Salient details I can think of?  The answer to "netstat -an | grep tcp4 | grep -v LISTEN | wc" is 320.  1000 torrents configured doesn't mean that that many streams happen.  It is possible that the behavior is related to the number of torrent streams in progress... or the number of TCP streams with small transmit queues.  In among that is some mildly fast SMB service for various media devices around the house.

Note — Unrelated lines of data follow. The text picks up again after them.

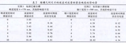 堰槽幾何(he)尺寸的誤差(chà)對測量結果(guo)精度的影響(xiǎng)主🍉要有兩個(ge)方⭐面:一是改(gǎi)變了流量計(jì)算的數學模(mó)型,造成流量(liang)計二☔次儀表(biǎo)計算的顯示(shì)值産生誤差(cha),這種影響我(wǒ)們通過兩個(ge)實例可以看(kan)到。由表2可以(yǐ)看出,堰槽幾(jǐ)何尺寸誤❄️差(cha)的增大可以(yi)造成流量測(cè)量💔誤差的增(zēng)大,且影響量(liang)不🐕斷遞增;二(er)是影響到了(le)水流經過堰(yan)槽🍉時💰的水位(wei),從而對液位(wèi)的測量産🈲生(sheng)附加誤差。
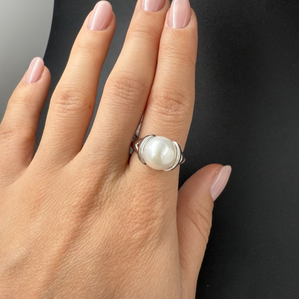 Říční perla na tomto prstenu je skutečným přírodním originálem — žádné dvě nejsou stejné. Její jemná nepravidelnost a přirozený lesk zdůrazňují autenticitu a osobitost šperku. Bílý odstín zlata dokonale ladí s perleťovým povrchem perly a vytváří čistý, moderní kontrast, který působí elegantně a nadčasově.
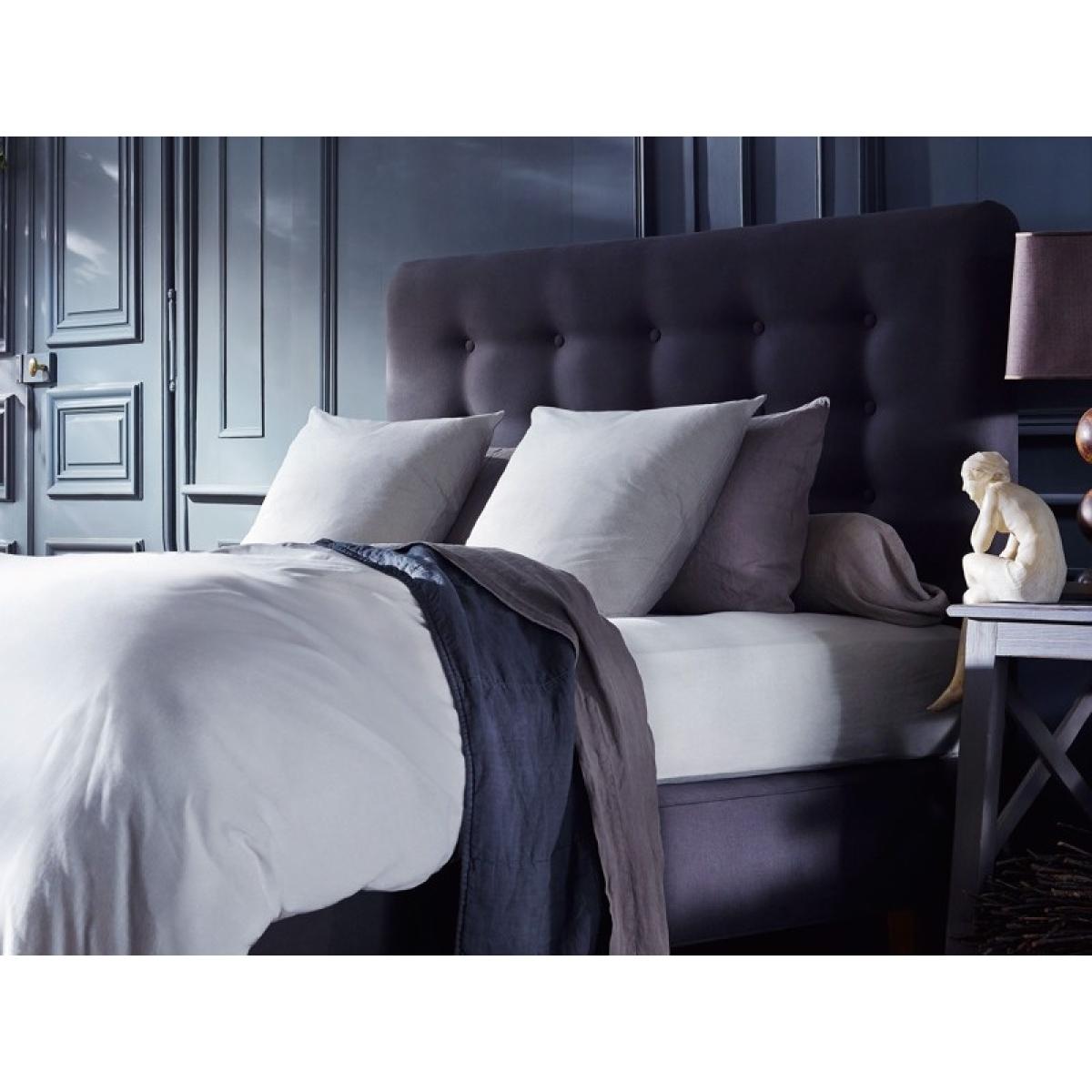 The Vispring Achilles Strutted Headboard is a contemporary take on the classic buttoned Vispring design, available in a wide selection of fabrics and color options from Vispring's extensive collection. Perfectly complementing your Vispring bed, these headboards come in an array of styles to match any taste and décor. Handcrafted using premium materials, they provide both comfort and visual elegance. Key Features: Bed Fixing on Struts - This bed fixing option uses the traditional headboard design with wooden fixing posts attached to the back. Approved by the National Bed Federation (NBF) ensuring it has been manufactured to the highest UK standards Eye-catching design with button detailing A choice of 3 headboard fixing options Available in a wide range of colours and fabrics Made from FSC certified timber - the mark of responsible forestry Dimensions: Single - W 90cm (3ft) x H 80cm (31.5'') x D 11cm (4.3’’) Small Double - W 120cm (4ft) x H 80cm (31.5'') x D 11cm (4.3’’) Double - W 135cm (4ft6) x H 80cm (31.5'') x D 11cm (4.3’’) King Size - W 150cm (5ft) x H 80cm (31.5'') x D 11cm (4.3’’) Super King Size - W 180cm (6ft) x H 80cm (31.5'') x D 11cm (4.3’’) Please note: Height given is from mattress to top of headboard All screens vary in colour reproduction and whilst every effort has been made to display the colour as accurately as possible it is for guidance only.
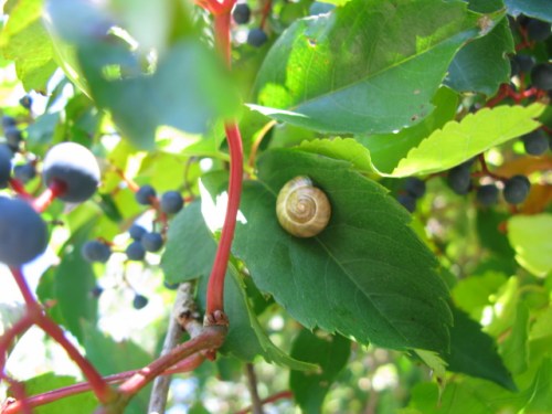 This snail was higher than I am. Anybody know that small grape-like fruit?
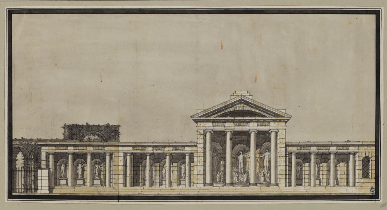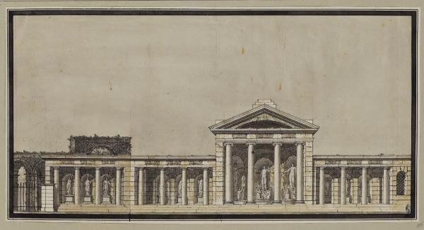 - NOTIZIE STORICO CRITICHE Il disegno fa parte di un album Vallardi del 1840, di dimensioni mm 561 x 735, sulla cui copertina in pelle marrone è incisa l'iscrizione in lettere capitali dorate "Paolo Landriani / milanese / e suoi contemporanei / nell'arte prospettica valentissimi. / Questi loro disegni / Giuseppe Vallardi / raccolse / per tramandare / co' passati maestri a' futuri / la stabile rinomanza / della scuola lombarda / l'anno MDCCCXL.". Ogni singolo disegno è incollato a un foglio dell'album, di carta grigia, presentante una cornice realizzata a penna e pennello e inchiostro sui toni del grigio.\nNel 1807 Giocondo Albertolli, Luigi Cagnola, Luigi Canonica, Paolo Landriani e Giuseppe Zanoia costituiscono la Commissione d'Ornato: ad essa è affidato il compito di conferire adeguato ordine alla città di Milano e di disciplinare l'edilizia privata. La città, ripartita in cinque zone, è sottoposta al controllo di ciascun artista: il Landriani si occupa dell'area compresa tra Porta Tosa e Porta della Riconoscenza, la vecchia area asburgica di Porta Orientale. Lo studio in analisi riguarda l'edificazione di un'ala del cimitero di Porta Tosa,
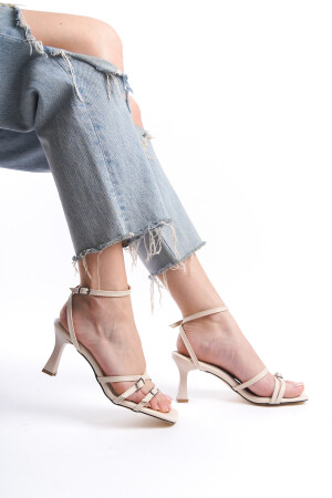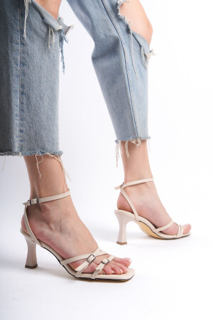 Beigefarbene Damenschuhe mit Gürtelschnalle und Absatz
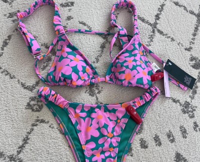 This fit is soooo flattering (possibly my favorite swimsuit fit ever!!!) but I returned it because the colors were too much on me. The pink, orange and green seemed to clash, I have tan skin and am not sure if that’s why. But the fit is so flattering. I’m 110 lbs, 5 ft 1, 34A and I got a size small top and x-small bottoms. The shirted strap on top and bottom makes it feel super comfy and secure. The bottoms are a perfect cheeky. Now I’m trying to find any other swimsuit with this same cut. Pleaseee Target create this with more color ways!!
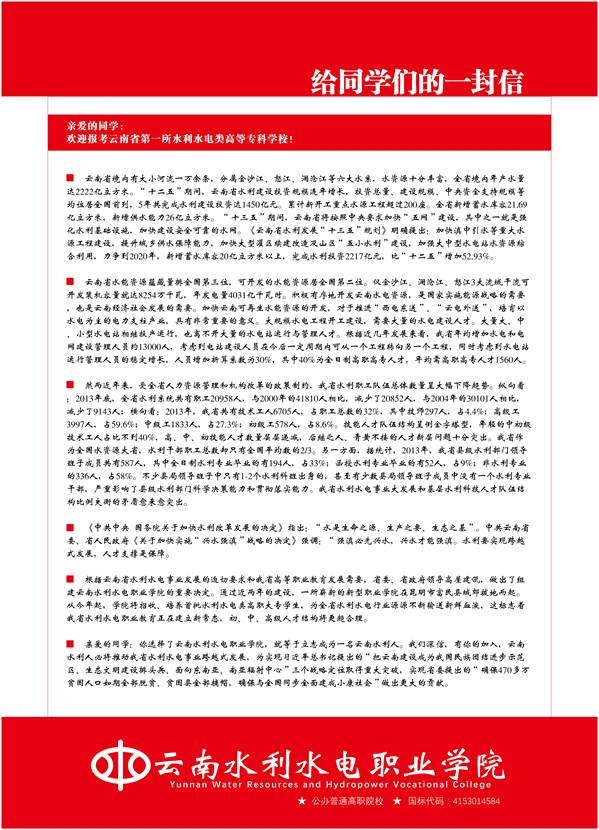 親愛的同學(xué):你選擇了云南水利水電職業(yè)學(xué)院,就等于立志成為一名云南水利人。我們深信,有你的加入,云南水利人必將推動(dòng)我省水利水電事業(yè)跨越式發(fā)展,為實(shí)現(xiàn)習(xí)近平總書記提出的“把云南建設(shè)成為我國民族團(tuán)結(jié)進(jìn)步示范區(qū)、生態(tài)文明建設(shè)排頭兵、面向東南亞、南亞輻射中心”三個(gè)戰(zhàn)略定位取得重大突破,實(shí)現(xiàn)省委提出的“確保470多萬貧困人口如期全部脫貧、貧困縣全部摘帽,確保與全國同步全面建成小康社會(huì)”做出更大的貢獻(xiàn)。
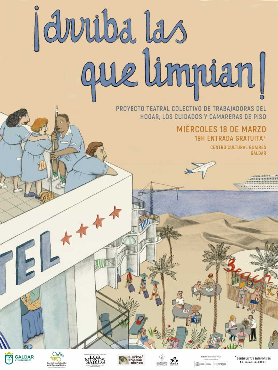 ‘¡Arriba las que limpian!’ es el título del proyecto teatral colectivo protagonizado por quince camareras de piso que comparten, con humor corrosivo, crítico y en primera persona, la realidad oculta detrás de la industria turística en Canarias y que será presentado el miércoles 18 de marzo, el Centro Cultural Guaires a las 19:00 horas.
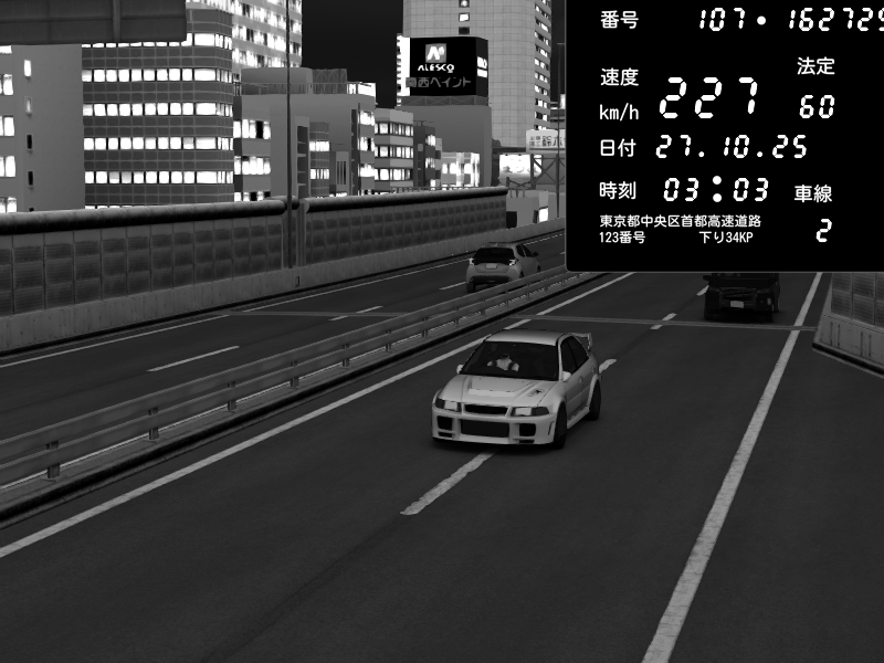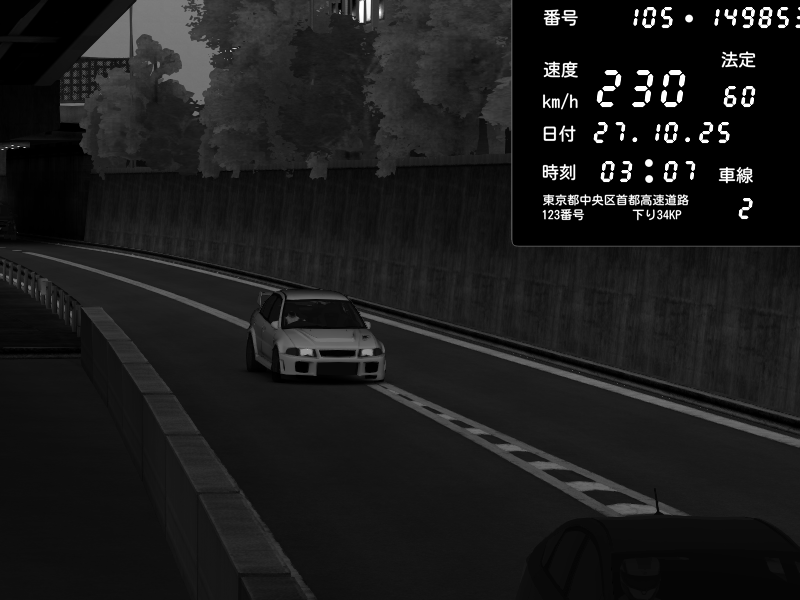 | 2025/10/27 03:03 | C1外回り 芝公園 | 227 / 60 km/h | Mitsubishi Lancer Evolution V Wangan Spec | CAPTURE |
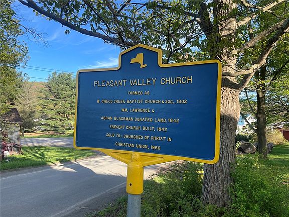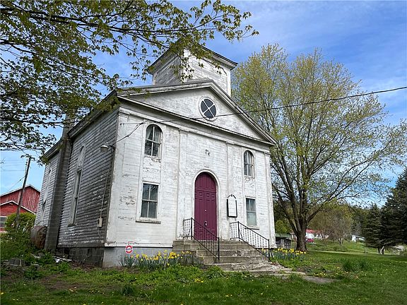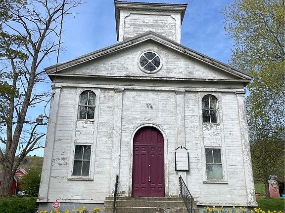 Nestled in the picturesque Finger Lakes region of New York, this charming 1840s church offers a serene retreat just 30 minutes from Ithaca, surrounded by rolling hills and scenic farm roads. Steeped in history, this timeless structure exudes character, with original windows and
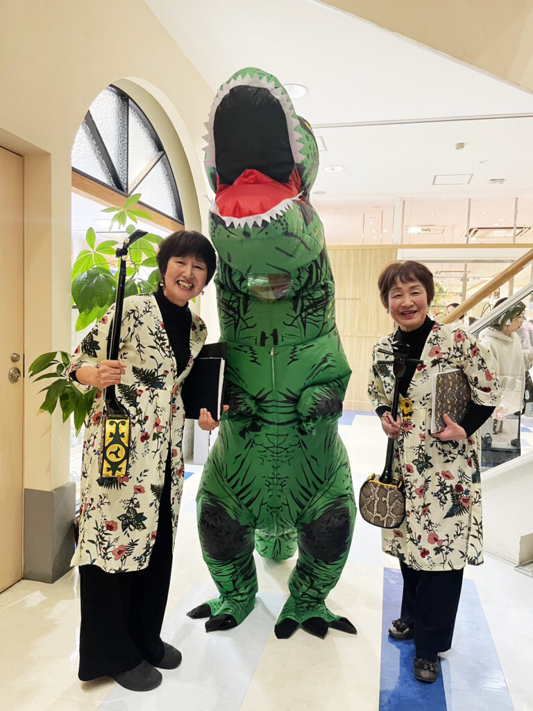 演奏後、JTB山口支店の恐竜さんとともに。
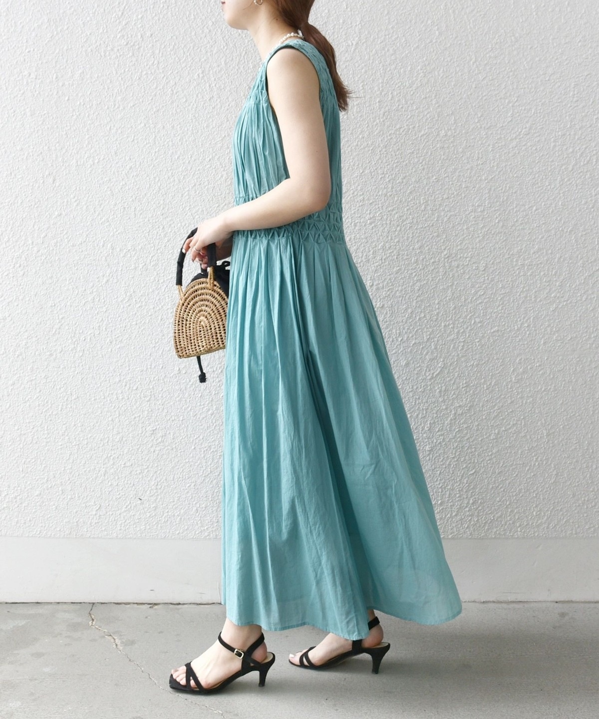 一見重たく見えがちなロングワンピースですが、透け感があって涼しく見えるので、夏に着るのにぴったりな一枚です。

The em0 behavior is 100% related to the large number of torrents (running using rtorrent).  Stopping rtorrent makes the host good again, starting rtorrent hoses it.

So the machine is:

FreeBSD virtual.xxx.xxx 10.3-RELEASE-p5 FreeBSD 10.3-RELEASE-p5 #4 r301872: Mon Jun 13 14:35:24 EDT 2016     root@virtual.xxx.xxx:/usr/obj/usr/src/sys/GENERIC  amd64

CPU: AMD FX(tm)-9590 Eight-Core Processor            (4716.02-MHz K8-class CPU)
  Origin="AuthenticAMD"  Id=0x600f20  Family=0x15  Model=0x2  Stepping=0
  Features=0x178bfbff<FPU,VME,DE,PSE,TSC,MSR,PAE,MCE,CX8,APIC,SEP,MTRR,PGE,MCA,CMOV,PAT,PSE36,CLFLUSH,MMX,FXSR,SSE,SSE2,HTT>
  Features2=0x3e98320b<SSE3,PCLMULQDQ,MON,SSSE3,FMA,CX16,SSE4.1,SSE4.2,POPCNT,AESNI,XSAVE,OSXSAVE,AVX,F16C>
  AMD Features=0x2e500800<SYSCALL,NX,MMX+,FFXSR,Page1GB,RDTSCP,LM>
  AMD Features2=0x1ebbfff<LAHF,CMP,SVM,ExtAPIC,CR8,ABM,SSE4A,MAS,Prefetch,OSVW,IBS,XOP,SKINIT,WDT,LWP,FMA4,TCE,NodeId,TBM,Topology,PCXC,PNXC>
  Structured Extended Features=0x8<BMI1>
  SVM: NP,NRIP,VClean,AFlush,DAssist,NAsids=65536
  TSC: P-state invariant, performance statistics
real memory  = 34359738368 (32768 MB)
avail memory = 33186353152 (31648 MB)

The ethernet cards are:

em0: <Intel(R) PRO/1000 Network Connection 7.6.1-k> port 0x8000-0x801f mem 0xfe340000-0xfe35ffff,0xfe320000-0xfe33ffff irq 20 at device 0.0 on pci9
em0: Using an MSI interrupt
em0: Ethernet address: 00:15:17:0d:04:a8

em0@pci0:9:0:0: class=0x020000 card=0x10838086 chip=0x10b98086 rev=0x06 hdr=0x00
    vendor     = 'Intel Corporation'
    device     = '82572EI Gigabit Ethernet Controller (Copper)'

re0: <RealTek 8168/8111 B/C/CP/D/DP/E/F/G PCIe Gigabit Ethernet> port 0x7000-0x70ff mem 0xd2104000-0xd2104fff,0xd2100000-0xd2103fff irq 21 at device 0.0 on pci10
re0: Using 1 MSI-X message
re0: Chip rev. 0x48000000
re0: MAC rev. 0x00000000
miibus0: <MII bus> on re0
rgephy0: <RTL8169S/8110S/8211 1000BASE-T media interface> PHY 1 on miibus0
rgephy0:  none, 10baseT, 10baseT-FDX, 10baseT-FDX-flow, 100baseTX, 100baseTX-FDX, 100baseTX-FDX-flow, 1000baseT-FDX, 1000baseT-FDX-master, 1000baseT-FDX-flow, 1000baseT-FDX-flow-master, auto, auto-flow
re0: Using defaults for TSO: 65518/35/2048
re0: Ethernet address: 10:c3:7b:9d:8b:6d

re0@pci0:10:0:0:        class=0x020000 card=0x85051043 chip=0x816810ec rev=0x09 hdr=0x00
    vendor     = 'Realtek Semiconductor Co., Ltd.'
    device     = 'RTL8111/8168B PCI Express Gigabit Ethernet controller'
Comment 1 Sean Bruno freebsd_committer 2016-07-12 03:33:18 UTC
A couple of things to try while we are doing an overhaul to em(4):

hw.em.rx_process_limit: -1
hw.em.txd: 4096
hw.em.rxd: 4096
Comment 2 Kevin Bowling freebsd_committer 2017-01-10 11:30:06 UTC
Can you retry with 12-CURRENT?
Comment 3 dgilbert 2017-01-10 22:22:46 UTC
This was finally shown to be due to jumbo allocation for >4k (greater-than-page-size) mbufs failing.  As such, it would still happen if this still happens.

That said, I don't have a means to test on 12-CURRENT.